Title: | Web Scraping and Bibliometric Analysis of MDPI Journals |
Version: | 0.3.0 |
URL: | https://github.com/pgomba/MDPI_exploreR |
Description: | Provides comprehensive tools to scrape and analyze data from the MDPI journals. It allows users to extract metrics such as submission-to-acceptance times, article types, and whether articles are part of special issues. The package can also visualize this information through plots. Additionally, 'MDPIexploreR' offers tools to explore patterns of self-citations within articles and provides insights into guest-edited special issues. |
VignetteBuilder: | knitr |
License: | CC BY 4.0 |
Encoding: | UTF-8 |
RoxygenNote: | 7.3.2 |
LazyData: | true |
Imports: | dplyr, ggplot2, lubridate, magrittr, rvest, scales, stringr, tidyr |
Suggests: | knitr, rmarkdown |
NeedsCompilation: | no |
Packaged: | 2025-03-19 21:35:40 UTC; sipab |
Author: | Pablo Gómez Barreiro
|
Maintainer: | Pablo Gómez Barreiro <pablogomezbr@hotmail.es> |
Depends: | R (≥ 3.5.0) |
Repository: | CRAN |
Date/Publication: | 2025-03-19 21:50:02 UTC |
MDPI journal names and code
Description
Extracts names and codes of current MDPI journals.
Usage
MDPI_journals()
Value
A data frame (class: data.frame
) with the following columns:
- journal
Full name of the MDPI journal
- num_papers
Journal code used for ID and web scraping purposes
Examples
## Not run:
journal_table<-MDPI_journals()
## End(Not run)
Article data extracted from MDPI journal Agriculture
Description
Article data extracted from MDPI journal Agriculture
Usage
agriculture
Format
agriculture
A data frame with 7,160 rows and 7 columns:
- i
Article URL
- article_type
Article tyope classifier
- Received
Date article was submitted to journal
- Accepted
Date article was accepted for publication
- tat
Article turnaround time, or Accepted-Received
- year
Year the article was accepted
- issue_type
Type of issue where article is published
...
This function retrieves the URLs for all published articles from a specified journal.

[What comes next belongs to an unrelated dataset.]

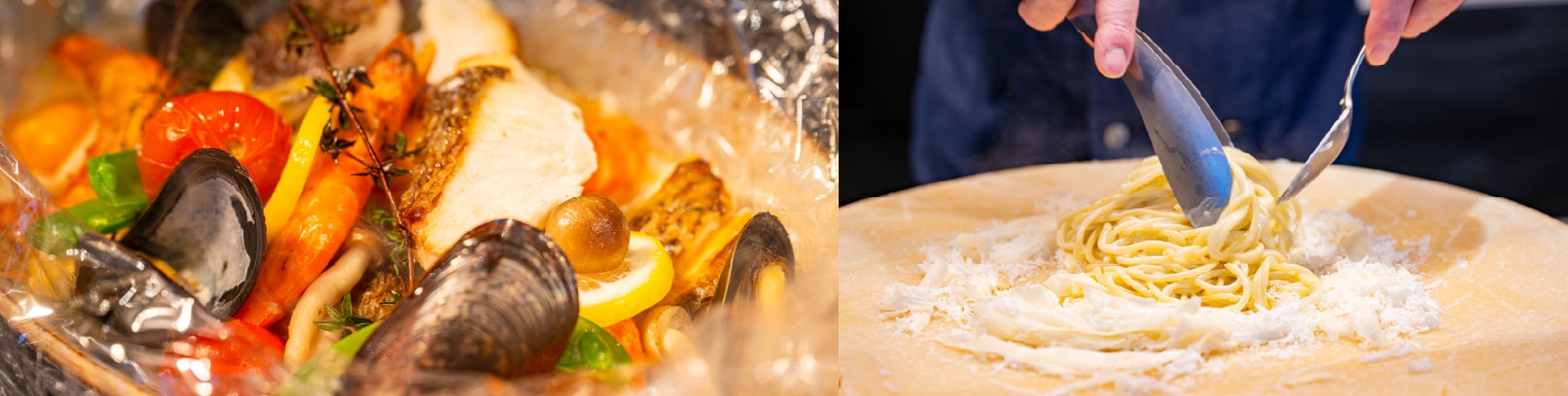 春キャベツやそら豆など、体に優しい春野菜をはじめ、桜鯛やあさり、しらすといった旬の魚介類を堪能できるメニューを取り揃えております。また、ハーブの香りと豚肉の旨みが絶妙な「ポルケッタ」(ポークロースト)や、ライブキッチンで直径約45cmのグラナパダーノチーズの上で仕上げる、目にも楽しい「グラナパダーノスパゲッティ」もおすすめです。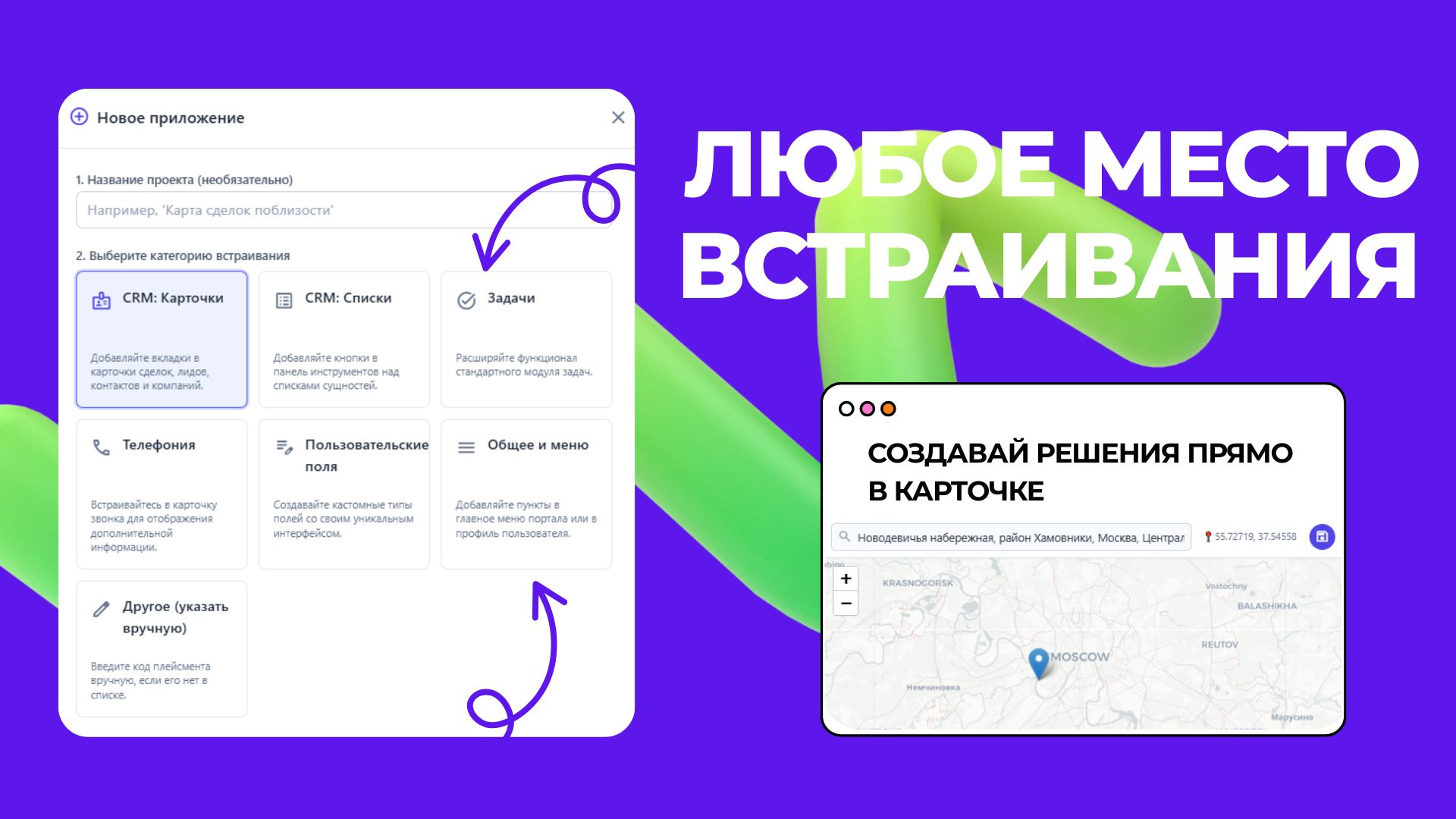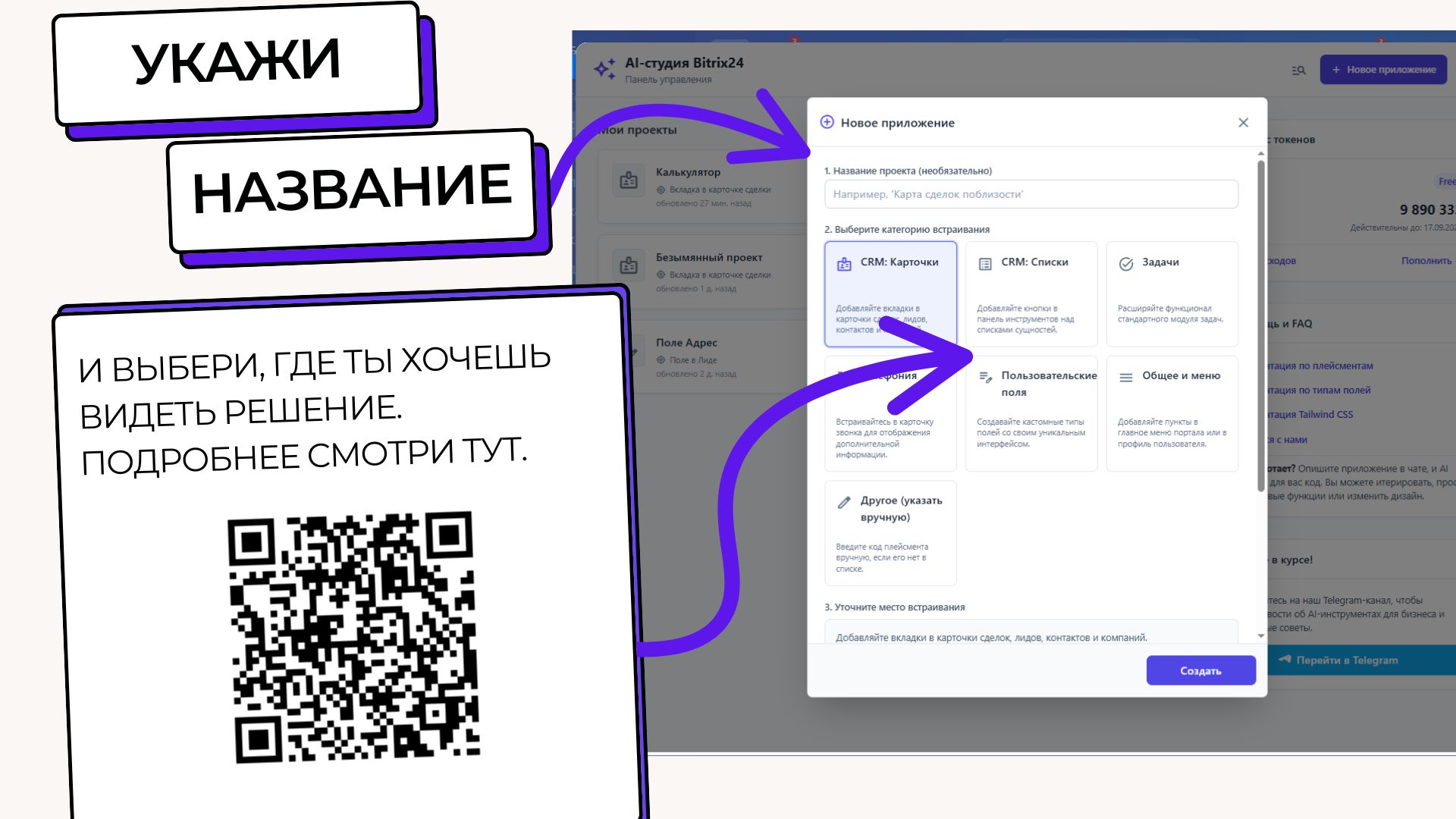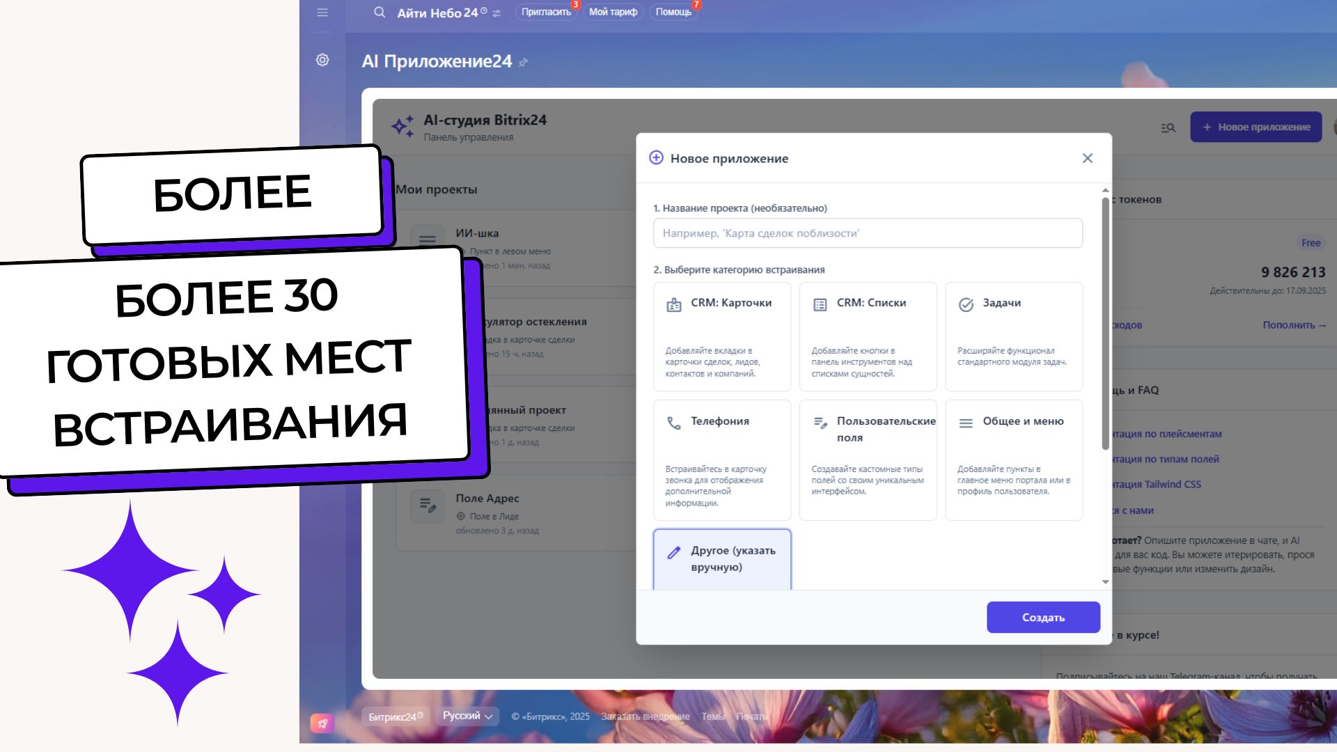 Приложения, созданные в AI Студии, легко интегрируются в любую часть Битрикс24: в карточки CRM, списки, задачи, меню и даже телефонию.

Users can provide the journal's code 'see MDPI_journals.rda', and the function will return the URLs of all articles available within the journal.
Description
This function retrieves the URLs for all published articles from a specified journal. Users can provide the journal's code 'see MDPI_journals.rda', and the function will return the URLs of all articles available within the journal.
Usage
article_find(journal)
Arguments
journal |
A string containing the name of a MDPI journal |
Value
A vector (class: character
) containing a list of articles URLs from target journal
Examples
## Not run:
agr_articles<-article_find("agriculture")
## End(Not run)
This function extracts key editorial information from one or more paper URLs. Specifically, it retrieves the submission, revision, and acceptance dates, as well as the article type. The function also calculates the turnaround time (the duration from submission to acceptance) and identifies whether the paper is part of a special issue.
Description
This function extracts key editorial information from one or more paper URLs. Specifically, it retrieves the submission, revision, and acceptance dates, as well as the article type. The function also calculates the turnaround time (the duration from submission to acceptance) and identifies whether the paper is part of a special issue.
Usage
article_info(vector, sleep = 2, sample_size, show_progress = TRUE)
Arguments
vector |
A vector with urls. |
sleep |
Number of seconds between scraping iterations. 2 sec. by default |
sample_size |
A number. How many papers do you want to explore from the main vector. Leave blank for all |
show_progress |
Logical. If |
Value
A data frame (class: data.frame
) with the following columns:
- i
The URL of the article from which the information is retrieved.
- article_type
The classification of the article (e.g., editorial, review).
- Received
The date the article was received by the publisher.
- Revised
The date the article was confirmed as revised by the publisher.
- Accepted
The date the article was accepted for publication.
- tat
The turnaround time, calculated as the number of days between the received and accepted dates.
- year
The year in which the article was accepted for publication.
- issue_type
Indicates whether the article is part of a special issue.
- open_peer_review
Indictes if article peer review is publicly available or not
Examples
url<-c("https://www.mdpi.com/2073-4336/8/4/45","https://www.mdpi.com/2073-4336/11/3/39")
## Not run:
info<-article_info(url, 1.5)
## End(Not run)
This function will standardize the editors and authors names to facilitate matching them to one another.
Description
Takes a vector of names to return the names without abbreviated middle names, academic titles and hyphens.
Usage
clean_names(name_vector)
Arguments
name_vector |
A string with names separated by commas |
Value
A vector (class: character
) containing names
Examples
clean_names(c("Matthias M. Bauer","Thomas Garca Morrison","Wolfgang Nitsche", "Elias Biobaca L." ))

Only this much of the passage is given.